The arithmetic is simple. If Tonse requires coherent blocs, PF must first be one bloc. If PF remains divided, Tonse becomes a megaphone for quarrels rather than a platform for strategy.

THE ZUMANI LIST AND THE POLITICS OF LEGITIMACY
Underlying the mistrust is the “expanded Council of Leaders” list promoted by Chris Zumani Zimba. Changala disclosed that Edgar Chagwa Lungu himself never approved it. In fact, he had instructed that any such framework be submitted to Acting President Lubinda for Central Committee approval. That process never happened.

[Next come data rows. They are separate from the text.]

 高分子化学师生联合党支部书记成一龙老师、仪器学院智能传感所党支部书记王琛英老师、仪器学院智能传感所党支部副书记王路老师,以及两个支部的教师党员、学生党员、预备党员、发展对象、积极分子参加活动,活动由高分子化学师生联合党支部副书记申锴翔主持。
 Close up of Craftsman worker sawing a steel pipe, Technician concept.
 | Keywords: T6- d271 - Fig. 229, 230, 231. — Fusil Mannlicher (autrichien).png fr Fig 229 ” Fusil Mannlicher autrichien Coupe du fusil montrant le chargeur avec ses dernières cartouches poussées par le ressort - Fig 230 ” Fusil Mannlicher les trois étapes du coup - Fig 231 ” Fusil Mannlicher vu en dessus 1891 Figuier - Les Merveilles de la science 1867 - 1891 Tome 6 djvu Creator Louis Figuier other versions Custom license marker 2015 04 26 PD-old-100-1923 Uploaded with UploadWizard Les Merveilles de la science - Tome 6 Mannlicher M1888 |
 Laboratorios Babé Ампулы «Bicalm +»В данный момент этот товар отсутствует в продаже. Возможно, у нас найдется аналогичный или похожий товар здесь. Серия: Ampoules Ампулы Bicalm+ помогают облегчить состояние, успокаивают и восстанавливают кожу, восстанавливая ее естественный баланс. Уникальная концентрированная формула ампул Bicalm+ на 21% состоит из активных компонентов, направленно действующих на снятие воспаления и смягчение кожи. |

For it to reappear now, Changala argued, and for Lungu’s name to be invoked to justify it, is nothing but political fraud. “It is immoral,” he said, “to use a dead man’s legacy to advance an agenda he never sanctioned.”

WHY TONSE IS STRUGGLING
Tonse was marketed to Zambians as an orderly discipline of cooperation. In practice, it has become a circus of sudden suspensions, social media pronouncements, and selective attendance at meetings. Changala argued that respect for hierarchy is non-negotiable. There may be eleven parties in the Alliance, but there must be one clear pyramid, with PF as its anchor.

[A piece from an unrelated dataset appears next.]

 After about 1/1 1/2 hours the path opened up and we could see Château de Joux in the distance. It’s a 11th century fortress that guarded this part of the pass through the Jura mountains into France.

Without that discipline, every meeting becomes a factional maneuver and every statement a potential trigger for collapse.

WHAT UNITY WOULD LOOK LIKE
Changala outlined a simple sequence:
1. PF must unify behind Lubinda until convention.
2. Tonse must enforce a meeting protocol: who calls, who clears, who chairs, and where. Private homes are out.
3. Discipline must address both violence and irregular convening.
4. Legacy issues like the Zumani list must go through PF’s Central Committee before being tabled in Tonse.
5. Public communication must align. MPs, the PF Secretariat, and Tonse spokespeople should issue one consistent line.

THE COST OF DRIFT
Every week of factionalism erodes opposition credibility. Citizens see an Alliance that condemns violence yet organizes meetings designed to provoke it. They see a PF that promises renewal while airing its dirty laundry on camera. With a national budget under debate and constitutional reforms looming, the opposition risks being locked in internal squabbles while the ruling party drives the agenda.

CHANGALA’S HARD ASK
His most personal appeal was to Brian Mundubile. He urged him to go to the PF Secretariat, sit with Given Lubinda, and work under the current leadership until the elective convention. That act, Changala said, would end the narrative of two PFs and allow Tonse to speak with one voice.

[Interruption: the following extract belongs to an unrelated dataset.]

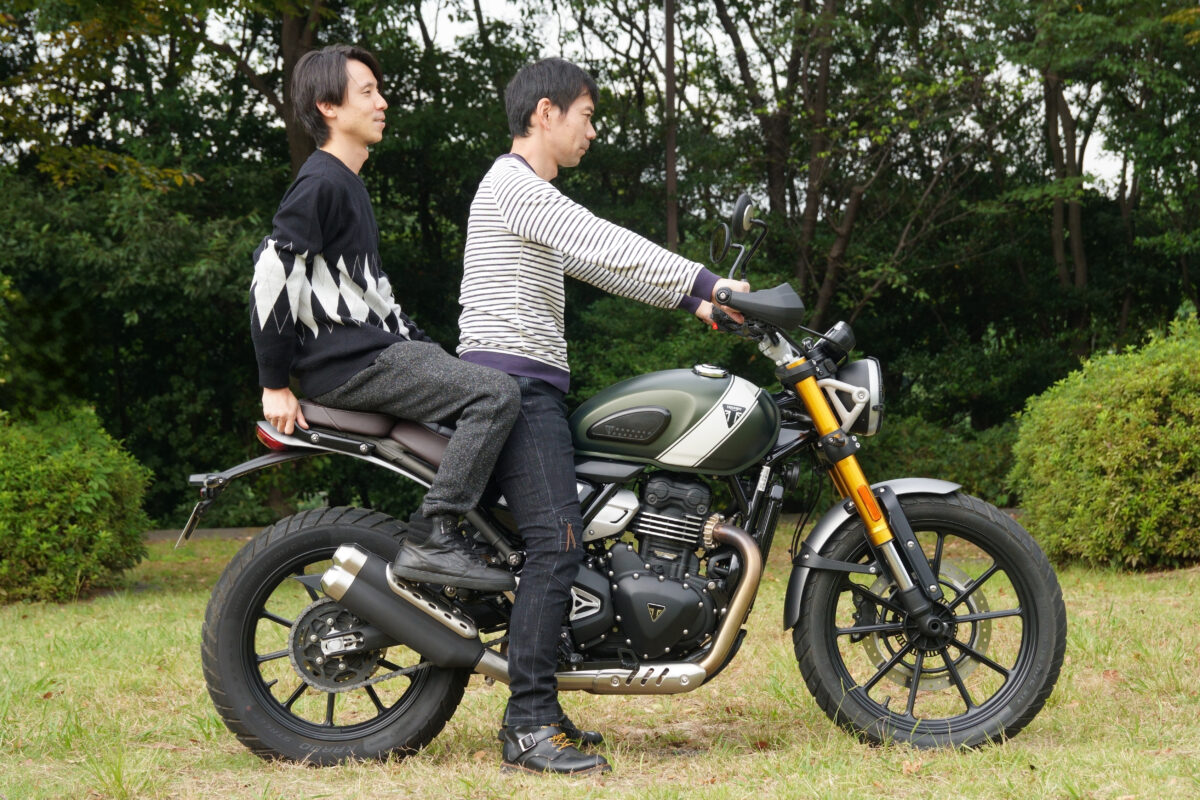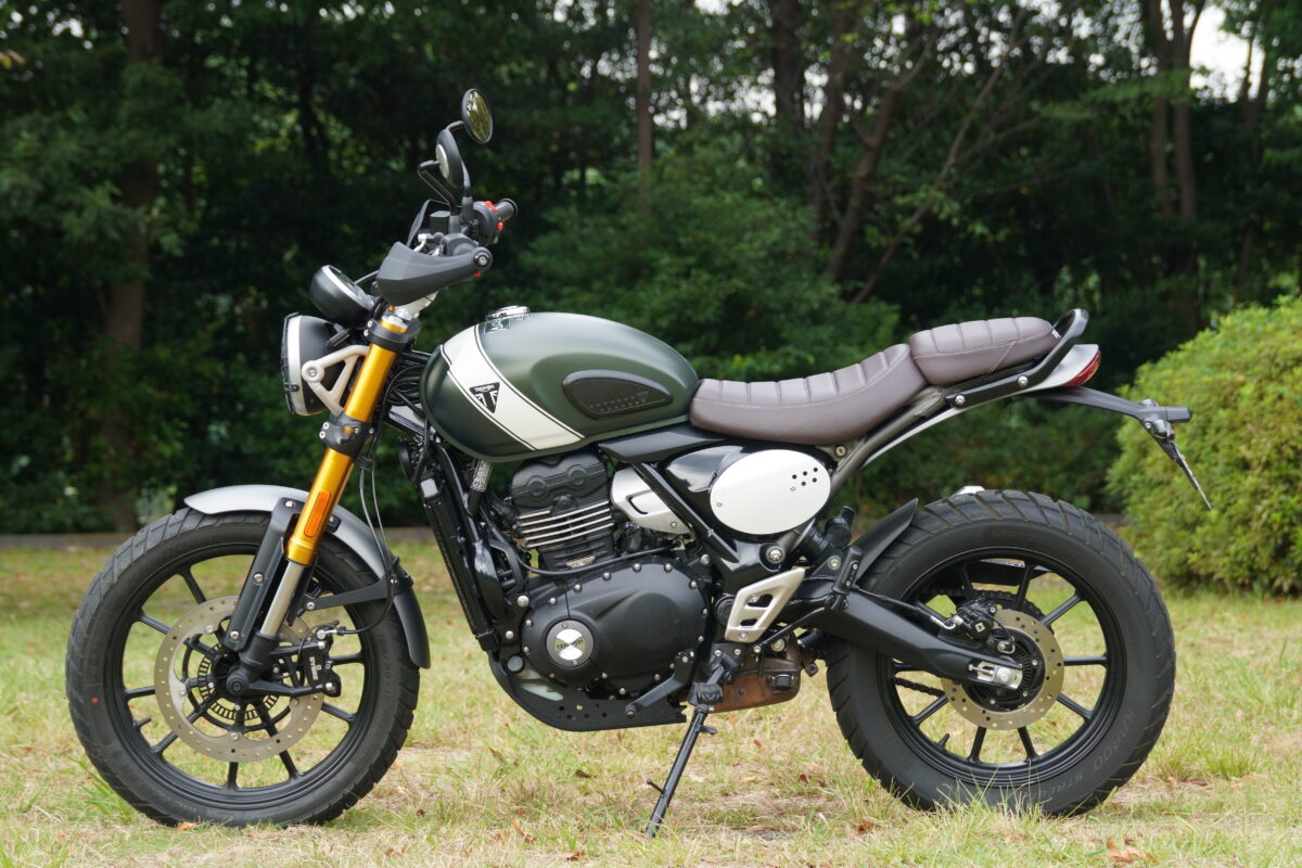もっとも軽く感じたのはSCRAMBLER400X。そもそも車体が軽量であり、スタンドから起こす際も安定感がある。スタンドの払いも簡単で、軽量さが扱いやすさを際立たせていた。

WHERE THIS LEAVES THE ALLIANCE
The next Tonse meeting will be a litmus test. If it is properly convened, chaired by Lubinda, and attended by all stakeholders, the Alliance can begin to reset. If another residence meeting surfaces, or if PF leaders hold competing press briefings, the spiral deepens.

As Changala concluded, the public is not demanding miracles. They are demanding proof that the opposition can follow its own rules. If PF cannot unite its house, and Tonse cannot enforce discipline, then the promise of an alternative government will collapse before it reaches the ballot.